Community leaders dedicated the grove of trees Thursday in remembrance of the 26 victims of the Newtown, Conn., shootings on Dec. 14.

“The cemetery is a sacred and historic place in Salt Lake City, and a revered ground. What better place to remember the spirits of all the children and adults that lost their lives,” Salt Lake City urban forester Bill Rutherford said. 

A gunman shot his way into Sandy Hook Elementary School on Dec. 14 and killed 20 first-graders and six educators. The gunman, who had also killed his mother that morning, committed suicide as police arrived.

The trees line the sidewalk at the entrance of the cemetery in the Avenues neighborhood at 200 N St. Each tree has a picture and name of one of the victims attached to it, including 6-year-old Emilie Parker, the daughter of Robbie and Alyssa Parker, who grew up in the Ogden area. The type of tree was chosen because of its attributes.

“Redbuds are a harbinger of spring for they are among the first trees to flower, renew growth and herald a new beginning,” Rutherford said. “Foliage is arranged along a zigzag twig, almost childlike in its whimsical variation, and each leaf is distinctively heart-shaped.”

The trees, which are native to Connecticut, will grow to be approximately 20 feet tall and 20 feet wide.

The location of the trees is also a symbolic part of the dedication. “Because literally, thousands and thousands of people enter the cemetery through the gate every year, and these trees will now give them a warm and special greeting that before they were planted didn’t exist.”

Alicia Caldwell lived in Newtown from 1995 to 1997 and attended Newtown High School. “It’s a small, beautiful community,” she said. “I haven’t lived there in 15 years, and it (the shooting) shook me to my core.”

She still has very close friends who live there, and living in Utah and not being able to do anything for her friends has been difficult, she said.
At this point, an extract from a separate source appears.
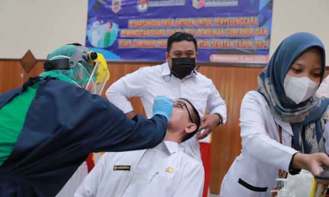 Bawaslu Kalsel tengah melakukan tes antigen jelang penyelenggaraan Pemungutan Suara Ulang Pilgub Kalsel 2020 di Kantor Bawaslu Kalsel pada Rabu 2 Juni 2021/ Foto: Henry (Humas Bawaslu Kalsel)

She attended the dedication ceremony Thursday and believes the memorial grove is a good idea because people in Newtown need all the love they can get.

“I think it’s fantastic,” Caldwell said. “I love that they’re doing something all the way out here,” to support the residents of Newtown.

The decision to create a memorial grove came from the heart. “I think there’s a lot of support throughout the world for the victims and the people of Newtown that have gone through something that none of us would wish for anybody,” Rutherford said.

A candlelight vigil for the students and teachers of Sandy Hook Elementary was held following the dedication.

“It’s, I think, our way here in Salt Lake City to reach across the miles to the Connecticut families who are suffering, let them know they’re in our thoughts and prayers,” Rutherford said.